- **YOUR TASK**
Reproduce all of the data exactly. Images are not to appear in the reply.

- **SOURCE DATA**

·····

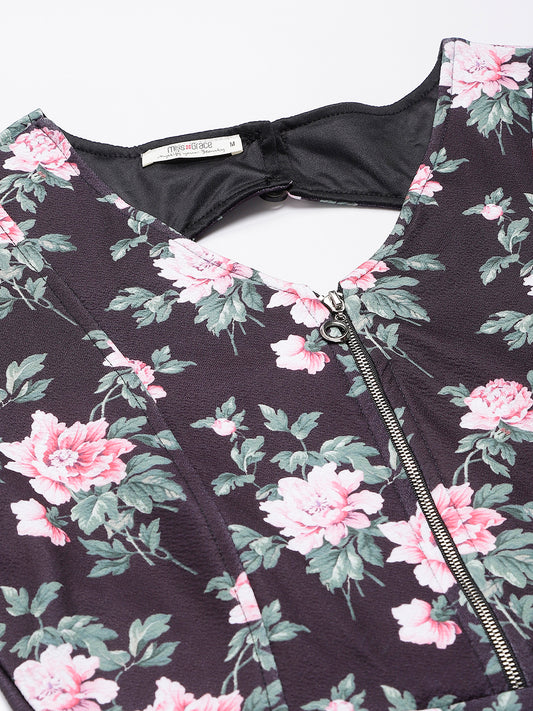 Black Poly Blend Lycra Fabric Floral Printed Dress With Organza Sleeves
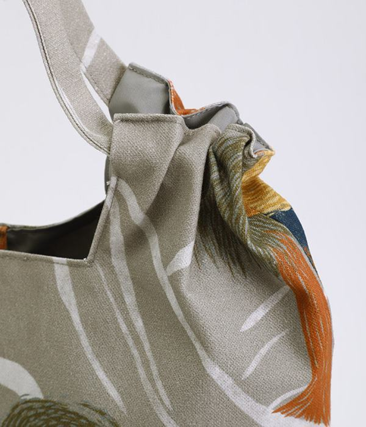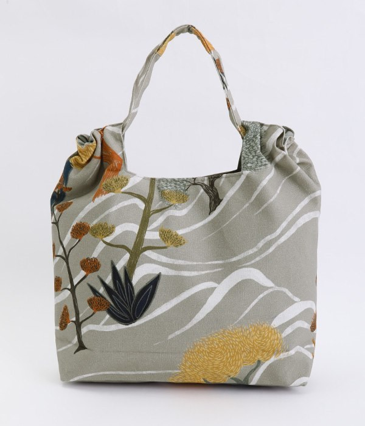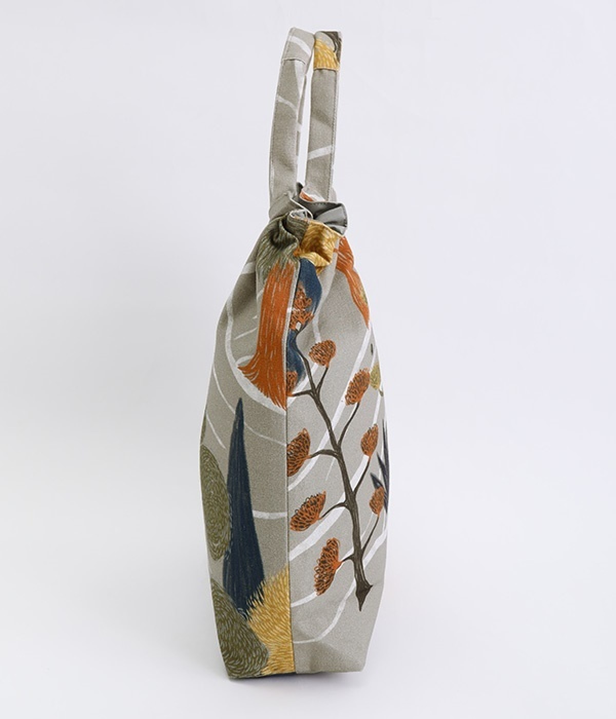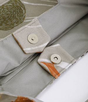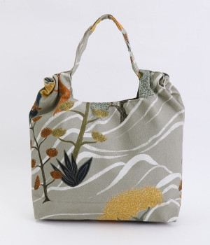 北欧風のタッチで描かれた自然の風景が素朴なバッグ。ハンドル部分を引っ張ると丸みのあるフォルムに変形するので、その日の気分に合わせたアレンジが楽しめます。内側には大きめポケットが3つ備わり、中身の飛び出しを防ぐマグネットボタンつきなど使い勝手も◎。裏地はポリエルテルで扱いやすく、手洗いもできるためデイリーづかいにぴったり。無難になりがちなデイリースタイルにプラスすると、グッと雰囲気を変えてくれます。
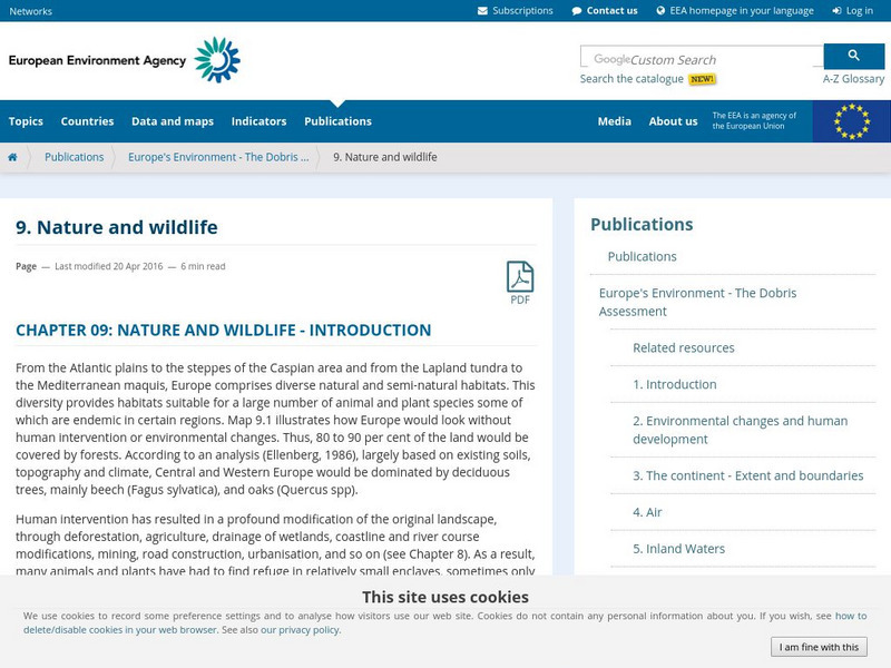 This site has the summary of a report on nature and wildlife in Europe. Read about the natural environment, changes resulting from human activity, or access a table of contents to read more.
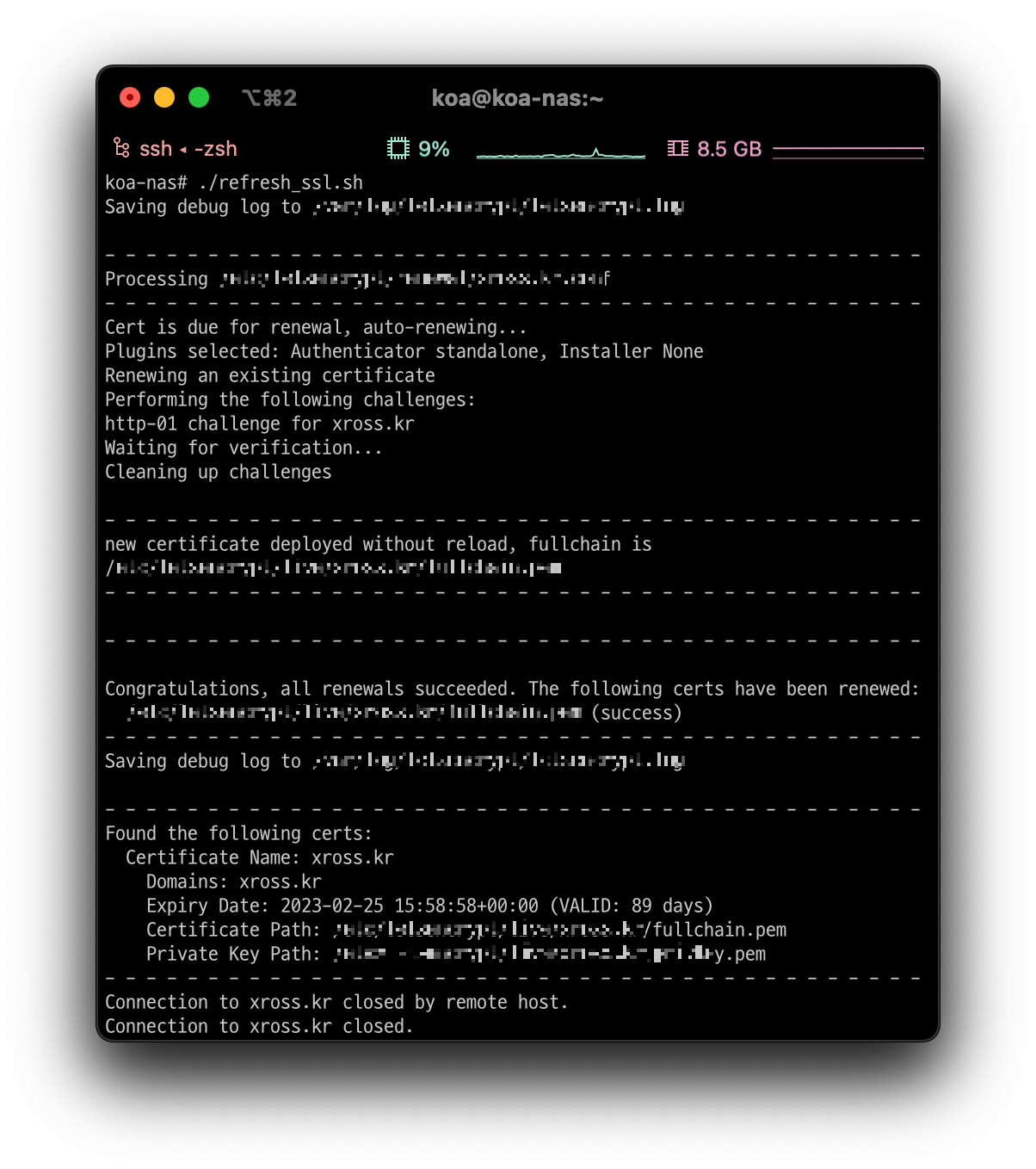 등으로 자동 실행을 예약해 주면 된다. 위의 경우는 매달 1일 오전 4시 1분에 갱신을 시도한다는 의미인데,
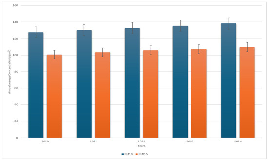Sampling was conducted at a height of 10 m in accordance with USEPA’s Quality Assurance Handbook for Air Pollution Measurement Systems, Volume IV: Meteorological Measurements (2017) [18]), which was intended to ensure the data’s comparability and minimize the interference from local ground-level disturbances. While a gradual increase in PM10 and PM2.5 levels was observed from 2020 to 2024, the overlapping standard errors between years suggest that some of the year-to-year fluctuations may not have been statistically significant.
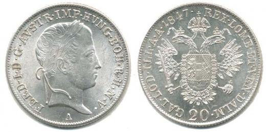 20 kr. 1847 A "R" "sbírkový stav"
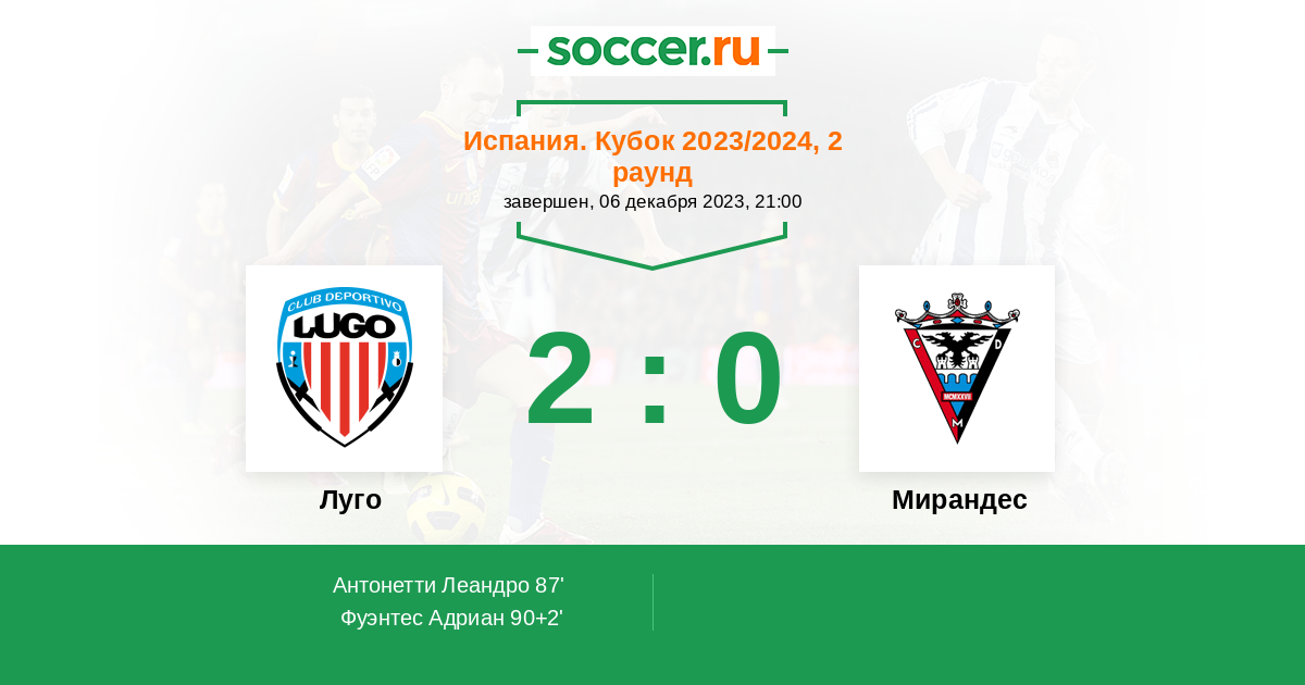 Гол90+2' (2:0) Фуэнтес Адриан (19)

·····

- **FINAL ANSWER**
 Black Poly Blend Lycra Fabric Floral Printed Dress With Organza Sleeves
 北欧風のタッチで描かれた自然の風景が素朴なバッグ。ハンドル部分を引っ張ると丸みのあるフォルムに変形するので、その日の気分に合わせたアレンジが楽しめます。内側には大きめポケットが3つ備わり、中身の飛び出しを防ぐマグネットボタンつきなど使い勝手も◎。裏地はポリエルテルで扱いやすく、手洗いもできるためデイリーづかいにぴったり。無難になりがちなデイリースタイルにプラスすると、グッと雰囲気を変えてくれます。
 This site has the summary of a report on nature and wildlife in Europe. Read about the natural environment, changes resulting from human activity, or access a table of contents to read more.
 등으로 자동 실행을 예약해 주면 된다. 위의 경우는 매달 1일 오전 4시 1분에 갱신을 시도한다는 의미인데,
Sampling was conducted at a height of 10 m in accordance with USEPA’s Quality Assurance Handbook for Air Pollution Measurement Systems, Volume IV: Meteorological Measurements (2017) [18]), which was intended to ensure the data’s comparability and minimize the interference from local ground-level disturbances. While a gradual increase in PM10 and PM2.5 levels was observed from 2020 to 2024, the overlapping standard errors between years suggest that some of the year-to-year fluctuations may not have been statistically significant.
 20 kr. 1847 A "R" "sbírkový stav"
 Гол90+2' (2:0) Фуэнтес Адриан (19)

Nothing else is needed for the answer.